===== DATA IN THIS EXERCISE =====

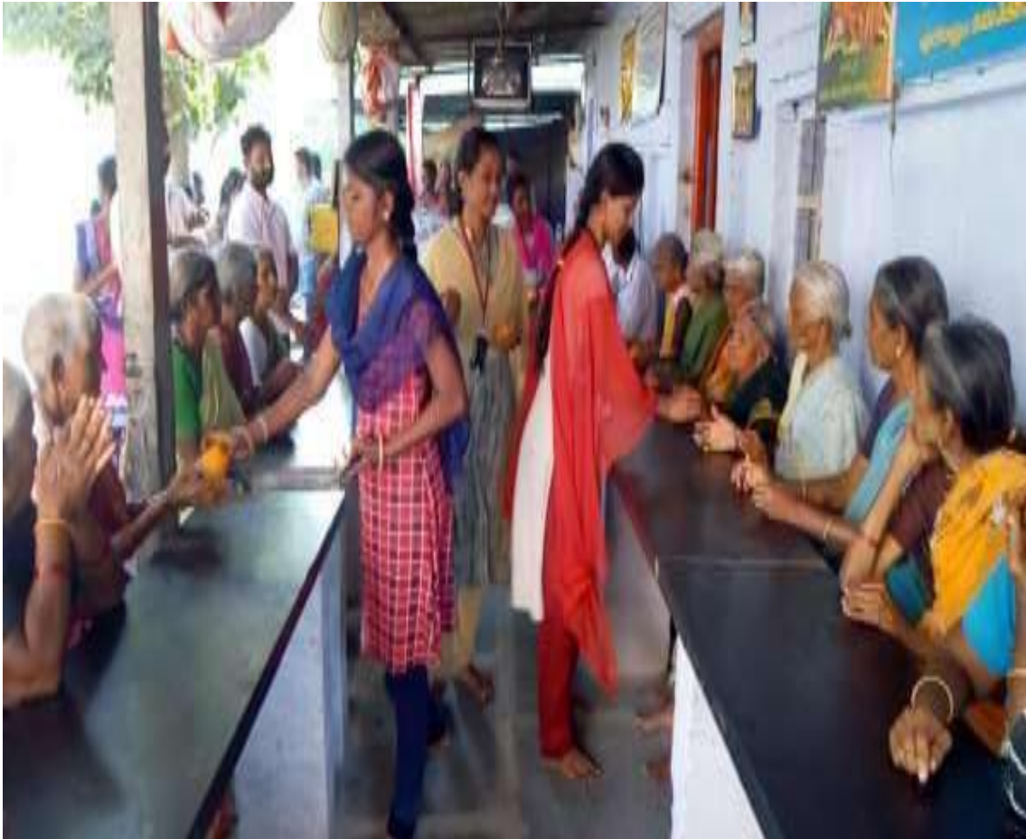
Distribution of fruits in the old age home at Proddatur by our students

=====
===== DATA IN THIS EXERCISE =====

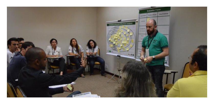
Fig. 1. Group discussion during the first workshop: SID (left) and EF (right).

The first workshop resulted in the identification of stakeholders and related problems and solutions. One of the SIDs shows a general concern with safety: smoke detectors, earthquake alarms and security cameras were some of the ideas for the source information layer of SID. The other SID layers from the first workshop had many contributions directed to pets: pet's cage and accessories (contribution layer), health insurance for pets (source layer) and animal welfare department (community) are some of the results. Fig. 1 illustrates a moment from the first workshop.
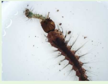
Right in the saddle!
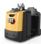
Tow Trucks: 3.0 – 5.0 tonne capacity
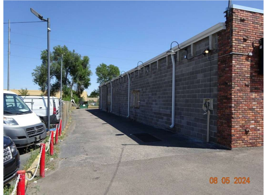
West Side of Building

=====
===== DATA IN THIS EXERCISE =====

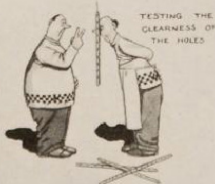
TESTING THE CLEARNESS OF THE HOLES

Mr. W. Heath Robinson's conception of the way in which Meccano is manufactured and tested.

=====

- _INSTRUCTIONS TO FOLLOW_
Here the output must be the lines above from the line with "TESTING THE CLEARNESS OF THE HOLES" to the line with "Mr. W. Heath", both included, duplicated word for word and nothing else.

- _RESPONSE_
TESTING THE CLEARNESS OF THE HOLES

Mr. W. Heath Robinson's conception of the way in which Meccano is manufactured and tested.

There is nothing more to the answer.